Not included then: the cost of preparing the site and building roads and sewers. Not anticipated: a market downturn that reduced the value of federal tax credits backing the project.

Now the local public investment in the first phase is expected to be $17.4 million, and the authority may make another $3 million loan to KBK.

A package of Pittsburgh Housing Authority and Pittsburgh Water and Sewer Authority money for the roads and sewers on the first phase didn't come together easily.

Housing Authority Executive Director A. Fulton Meachem Jr. said Friday that he knew a year ago that he had yet to identify $4.1 million needed for roads and sewers. He was holding off on committing his agency's money while he sought state funds.

Former Housing Authority board Chairman Pat Ford, through his lawyer Lawrence Fisher, said Friday that he wasn't told of the funding need until January. By that time, the funding gap threatened to throw off the timing of the tax credit deal, delaying the project for a year or killing it, according to several sources involved in the deal.

Mr. Ford was "saying, 'Let's investigate why we have this shortfall in the first place,' " Mr. Fisher said, even as he tried to find a way to bridge the gap.

Mr. Meachem disputed that, presenting an August letter to state Sen. Jim Ferlo, that was copied to Mr. Ford, asking the state to consider supplying some of an estimated $4 million for Garfield Heights infrastructure.

Mr. Meachem said there was never anything worrisome about the funding situation. The gap was filled when Mr. Ford got a $2 million commitment from the Water Authority and the Housing Authority put in $2.1 million.

The two parted ways shortly after the funding issue emerged. In March, Mr. Meachem's administration asked HUD to review whether Mr. Ford's board seat conflicted with his position as executive director of the Urban Redevelopment Authority. HUD said the roles did conflict, forcing Mr. Ford off of the board.

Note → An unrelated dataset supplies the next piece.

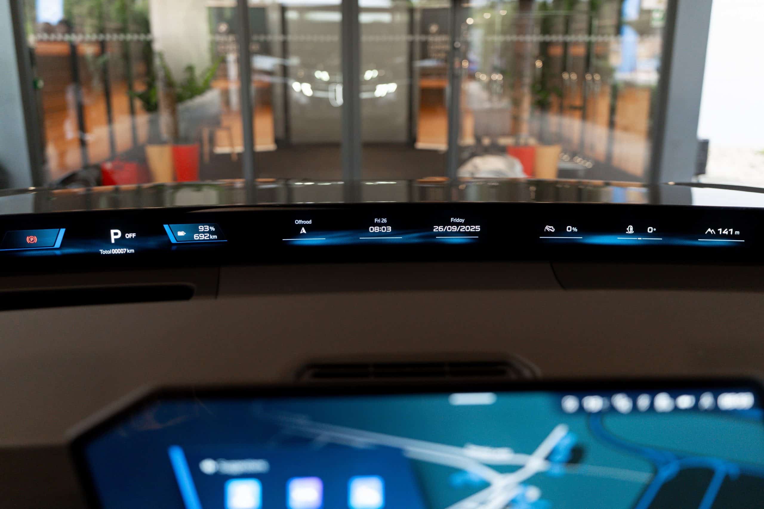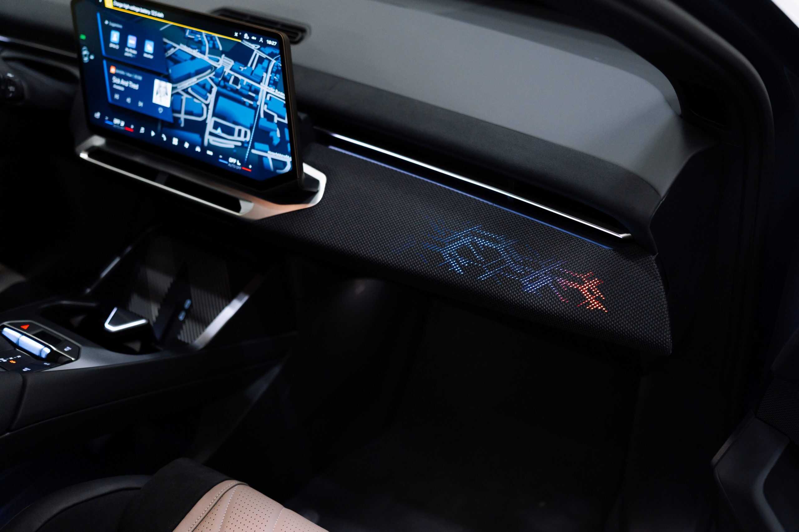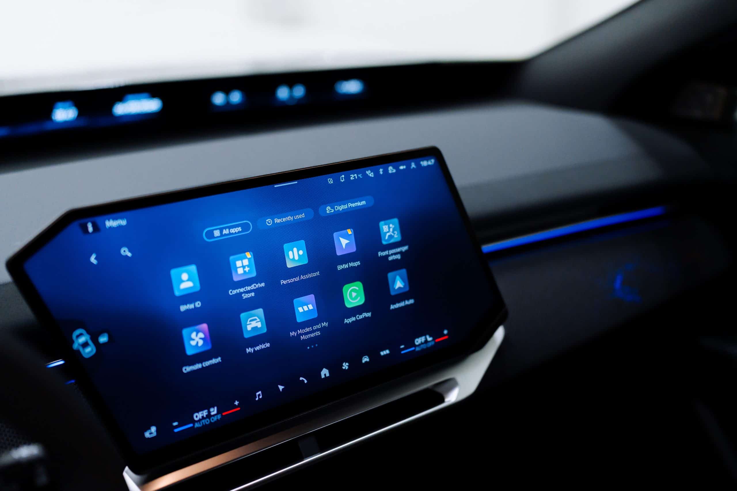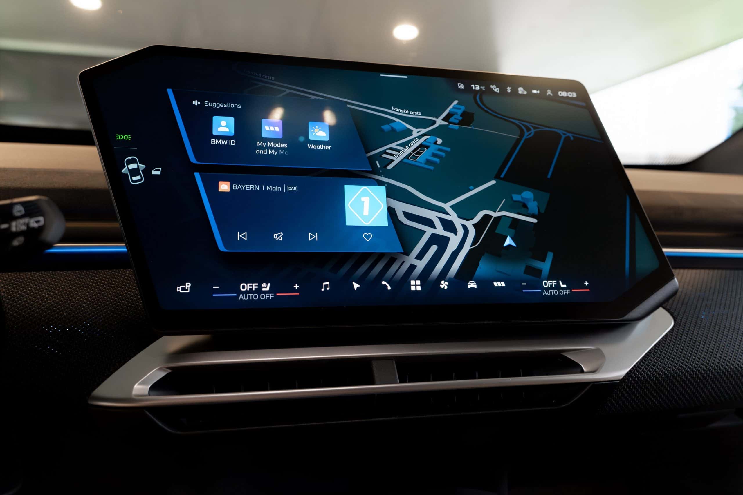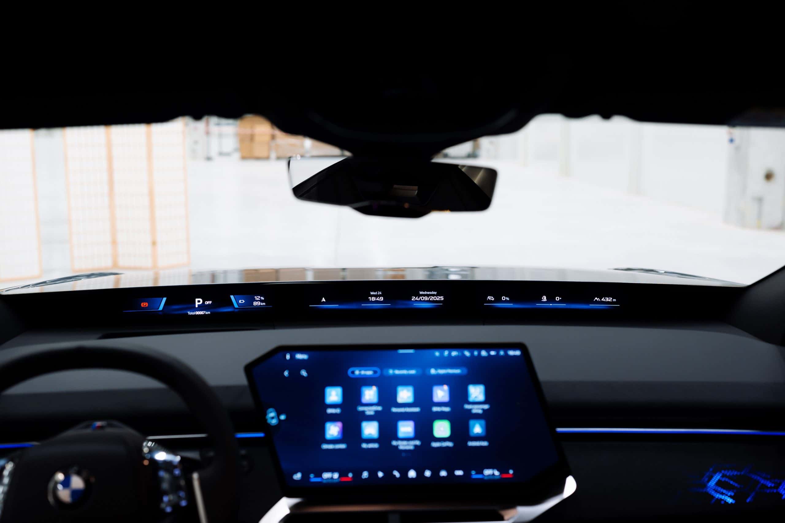 BMW cut the dashboard to fit a newly developed 3D head-up display, positioned just ahead of the Panoramic Vision projection at the base of the windshield. BMW believes that these two displays, together, can fully replace the traditional instrument cluster. The iDrive rotary knob is also gone, although some physical controls remain.

Mr. Ford is now on paid leave from the URA, pending a State Ethics Commission review of into his friendship with a Lamar Advertising executive. Mr. Fisher said the commission is expected to dismiss the matter or launch a full investigation by July 18.

In Garfield Heights, there's general optimism about the new units, tempered by concern about cost cuts.

Mr. Meachem said the project is going to be high quality.

"With the dollars and the market we're in right now, we're ecstatic with what we think we're going to be able to build," he said. The authority is "thinking about" funding for the second and third phases of the development, he said, but doesn't have budgets yet.

Mr. Key said the price tag of the entire, three-phase development will be higher than the $60 million he estimated in 2006. Still, he promised "a storybook project" that breaks the concentration of poverty and a layout that will "naturally open the property up to be integrated into the larger community of Garfield."

Some in the community, though, are wondering whether the final product will truly mesh with the rest of Garfield, or remain isolated, allowing it to revert to its troubled form. An older plan involved abandoning some land near the highest part of Garfield Heights and instead building lower down, right into the street grid that runs north of Penn Avenue. That option seems to be off the table.

"We're trying to persuade the Housing Authority that it would be a much more prudent idea to build much of phase two and all of phase three off of that hill," said Rick Swartz, executive director of the Bloomfield-Garfield Corp. Otherwise, "you're going to find that you're very much isolating people again."